Every line of the listing below from the one with "通常,物料通过输送系统到达机" up to and including the one with "OUDE WAAG 25" should be retyped exactly, and nothing else; pictures are not part of the copy.

▶ [Provided records]:
☆ ☆ ☆ ☆ ☆ ☆ ☆

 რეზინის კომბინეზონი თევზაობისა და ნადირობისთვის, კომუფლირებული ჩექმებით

☆ ☆ ☆ ☆ ☆ ☆ ☆

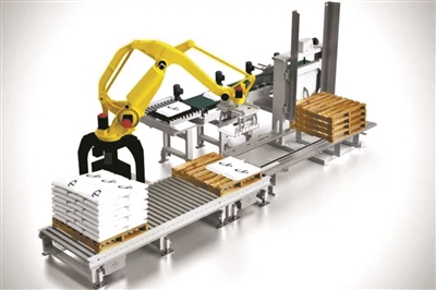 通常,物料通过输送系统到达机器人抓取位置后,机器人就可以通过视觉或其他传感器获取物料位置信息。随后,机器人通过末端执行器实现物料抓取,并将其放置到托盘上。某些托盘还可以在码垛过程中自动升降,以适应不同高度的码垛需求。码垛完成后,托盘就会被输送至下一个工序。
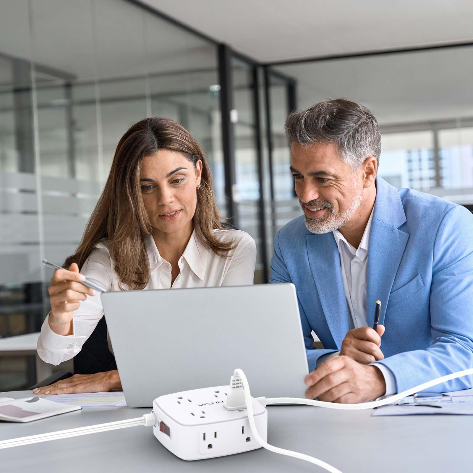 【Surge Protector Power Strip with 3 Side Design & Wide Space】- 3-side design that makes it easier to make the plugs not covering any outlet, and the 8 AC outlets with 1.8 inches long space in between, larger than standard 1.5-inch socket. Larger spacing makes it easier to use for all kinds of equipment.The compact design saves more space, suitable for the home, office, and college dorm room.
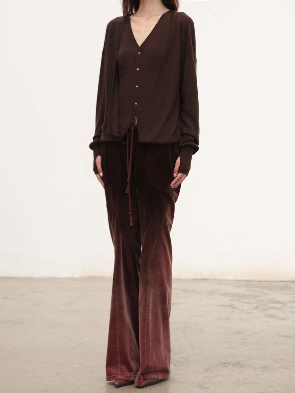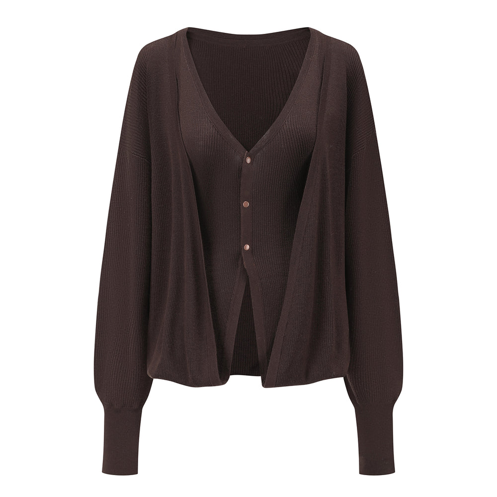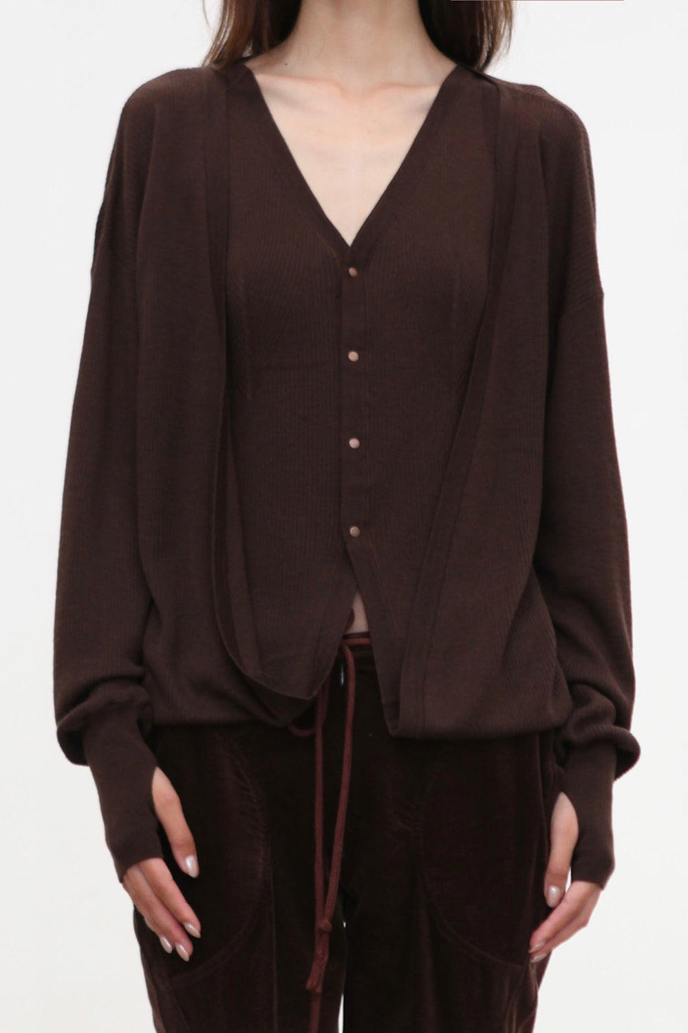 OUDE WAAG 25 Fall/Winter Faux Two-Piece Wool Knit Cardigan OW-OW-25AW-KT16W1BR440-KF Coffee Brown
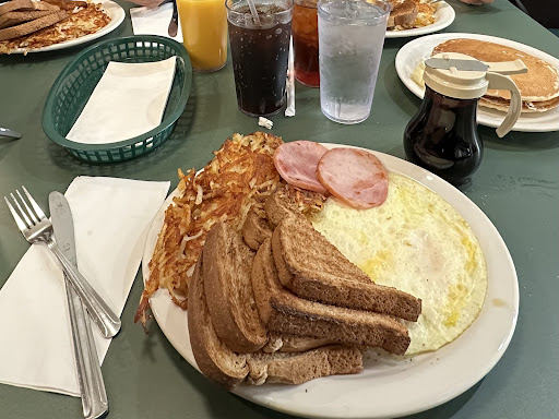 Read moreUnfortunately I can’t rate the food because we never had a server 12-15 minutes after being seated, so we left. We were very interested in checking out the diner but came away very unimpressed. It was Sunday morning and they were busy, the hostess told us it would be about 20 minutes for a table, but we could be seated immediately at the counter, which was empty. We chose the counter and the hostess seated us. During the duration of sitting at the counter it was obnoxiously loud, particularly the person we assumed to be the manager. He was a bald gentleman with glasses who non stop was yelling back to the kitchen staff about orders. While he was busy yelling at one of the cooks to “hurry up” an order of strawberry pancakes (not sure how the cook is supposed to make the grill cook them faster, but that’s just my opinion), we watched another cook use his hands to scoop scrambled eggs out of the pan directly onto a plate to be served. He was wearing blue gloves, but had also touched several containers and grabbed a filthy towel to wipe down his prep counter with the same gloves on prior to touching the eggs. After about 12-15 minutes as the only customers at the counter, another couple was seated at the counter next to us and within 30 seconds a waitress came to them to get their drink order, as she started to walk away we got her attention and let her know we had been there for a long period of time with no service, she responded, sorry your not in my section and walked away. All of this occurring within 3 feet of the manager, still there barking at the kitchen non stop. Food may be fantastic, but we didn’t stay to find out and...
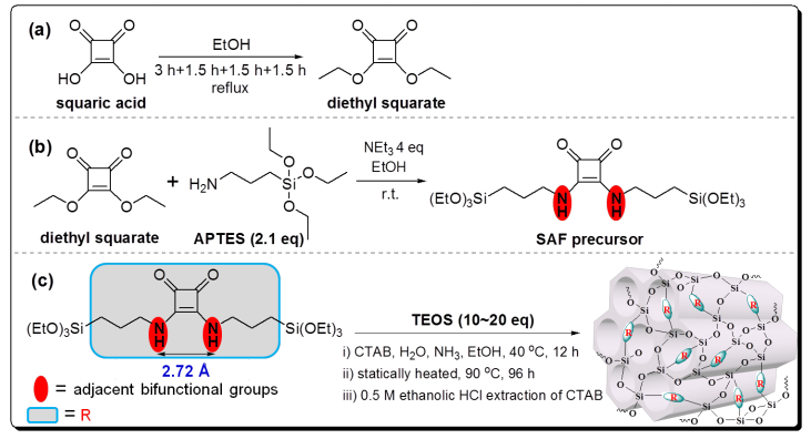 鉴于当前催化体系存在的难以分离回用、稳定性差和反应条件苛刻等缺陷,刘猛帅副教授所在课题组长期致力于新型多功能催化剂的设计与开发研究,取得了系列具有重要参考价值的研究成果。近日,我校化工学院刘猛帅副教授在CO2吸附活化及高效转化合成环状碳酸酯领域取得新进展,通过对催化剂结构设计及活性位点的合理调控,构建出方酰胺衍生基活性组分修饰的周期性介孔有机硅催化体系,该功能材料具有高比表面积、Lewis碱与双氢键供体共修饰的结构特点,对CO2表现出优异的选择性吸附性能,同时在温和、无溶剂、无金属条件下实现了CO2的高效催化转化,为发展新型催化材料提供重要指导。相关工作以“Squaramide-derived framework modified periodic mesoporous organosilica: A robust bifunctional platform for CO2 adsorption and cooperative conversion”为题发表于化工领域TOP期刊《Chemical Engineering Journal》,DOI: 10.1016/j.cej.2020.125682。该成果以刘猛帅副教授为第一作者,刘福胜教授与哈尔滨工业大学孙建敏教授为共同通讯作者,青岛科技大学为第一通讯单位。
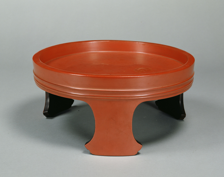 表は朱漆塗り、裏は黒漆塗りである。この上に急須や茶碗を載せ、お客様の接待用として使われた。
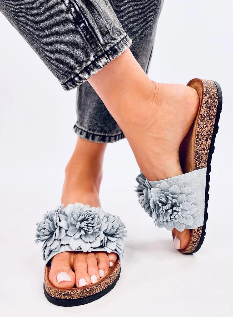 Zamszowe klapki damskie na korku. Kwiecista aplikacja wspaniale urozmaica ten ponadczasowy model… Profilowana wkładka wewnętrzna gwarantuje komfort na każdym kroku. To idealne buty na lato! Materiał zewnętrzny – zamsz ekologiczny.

☆ ☆ ☆ ☆ ☆ ☆ ☆

▶ [Finished task]:
 通常,物料通过输送系统到达机器人抓取位置后,机器人就可以通过视觉或其他传感器获取物料位置信息。随后,机器人通过末端执行器实现物料抓取,并将其放置到托盘上。某些托盘还可以在码垛过程中自动升降,以适应不同高度的码垛需求。码垛完成后,托盘就会被输送至下一个工序。
 【Surge Protector Power Strip with 3 Side Design & Wide Space】- 3-side design that makes it easier to make the plugs not covering any outlet, and the 8 AC outlets with 1.8 inches long space in between, larger than standard 1.5-inch socket. Larger spacing makes it easier to use for all kinds of equipment.The compact design saves more space, suitable for the home, office, and college dorm room.
 OUDE WAAG 25 Fall/Winter Faux Two-Piece Wool Knit Cardigan OW-OW-25AW-KT16W1BR440-KF Coffee Brown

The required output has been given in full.